С 2003 года на испытательной базе концерна на Ладоге мы проводим международный семинар "Навигация и управление движением". Талантливые студенты и аспиранты из России, Германии, Финляндии, Великобритании, Китая и многих других стран получают приглашение выступить здесь с докладами, послушать лекции ведущих ученых в области навигации и управления движением, пообщаться с коллегами в непринужденной обстановке. У нас выступали такие известные ученые, как генеральный конструктор обитаемых космических аппаратов Владимир Алексеевич Соловьев и его предшественник Евгений Анатольевич Микрин, легенда космонавтики Борис Евсеевич Черток, профессоры петербургских и московских вузов.
Международный семинар "Навигация и управление движением" (Ладожское озеро, 2019 год) / Фото: АО "Концерн "ЦНИИ "Электроприбор" |
И, наконец, в последние недели мая мы ежегодно проводим Международную конференцию по интегрированным навигационным системам. Сейчас из-за ковида участников стало меньше. Раньше же на конференцию приезжали представители из 20-25 стран, и темы затрагивались различные – от гироскопов до спутниковых и интегрированных систем. Всё это делается для того, чтобы проложить дорогу молодым специалистам к новой технике, а у кого есть желание и способности – и к науке.
– Вы вспомнили Бориса Чертока. Он признавался, что никогда не видел Сергея Павловича Королева таким счастливым, как после пуска ракеты с борта экспериментальной подводной лодки проекта В611. Какие впечатления от работы с моряками у вас?
– Моряки-подводники работают с комбинацией очень сложной техники. Им подчиняются атомная энергетика, баллистические и крылатые ракеты, навигационные и гидроакустические комплексы.
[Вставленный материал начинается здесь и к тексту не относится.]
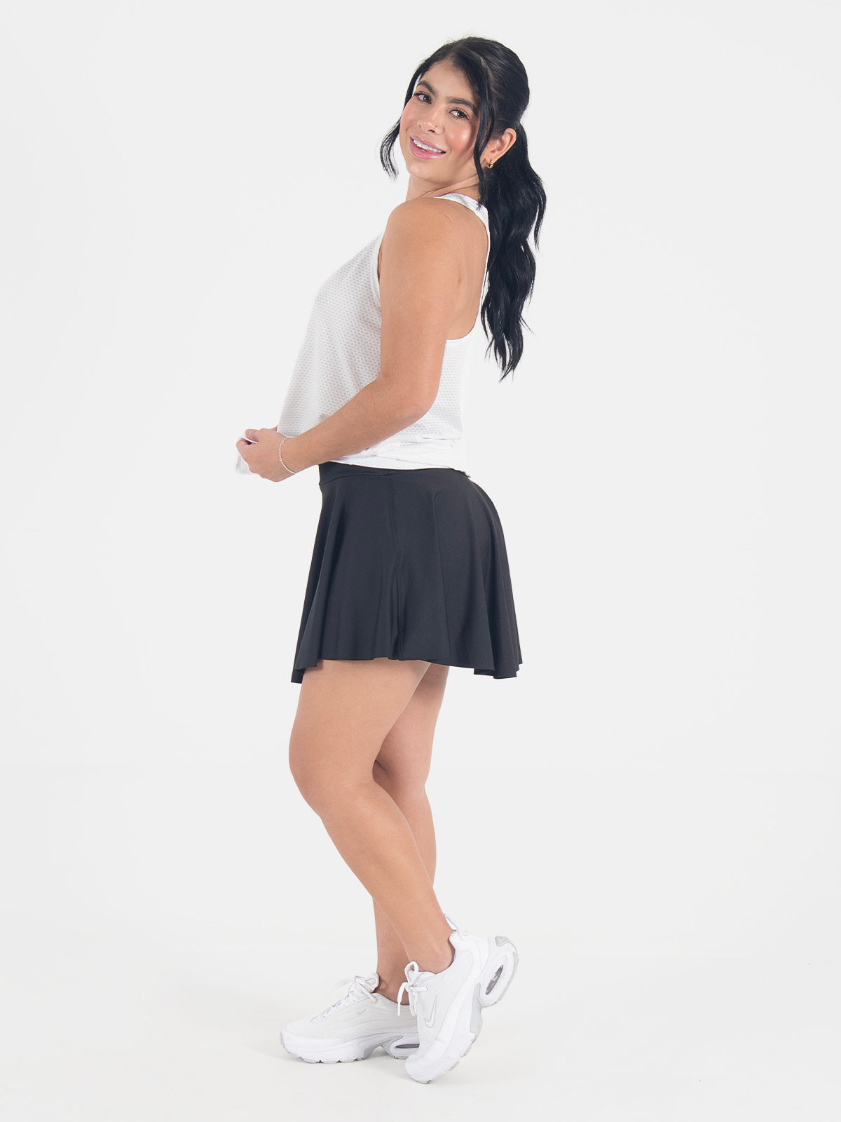 Faldashort: Diseño con falda simétrica y fajón medio que ofrece un ajuste favorecedor y moderno.

Точность навигации для безопасного плавания в тысячи раз ниже той, что требуется для эффективного использования ракетного оружия на корабле. Морские офицеры традиционно были хорошо образованными.
В конце 1970-х годов – начале 1980-х годов, когда стало очевидным, что страна уже надрывается, качество подготовки моряков упало. Изменилось отношение к работе. Отдельные высококвалифицированные офицеры и мичманы сохранились на флоте, это факт. В основной же массе это уже были люди другого пошиба. Но мы всегда работали очень дружно. Понимаете, в советские времена гонка была такая, что мы завершали работу не на стенде, а на объектах. Хотели мы этого или нет – корабли превращались в продолжение испытательных стендов. На стендах мы имели всё необходимое оборудование, просто приходилось спешить. Поэтому я много времени проводил на кораблях. Мы отрабатывали технику, находили ошибки. В это время сложился круг офицеров, увлеченно работавших с нами одной командой. Они потом составили основной костях тех, кто эксплуатировал эту технику. Сегодня положение тоже непростое, смутное. Есть моряки с которыми интересно работать, есть те, кто ограждает себя от лишних забот и обязанностей, делает от сих до сих.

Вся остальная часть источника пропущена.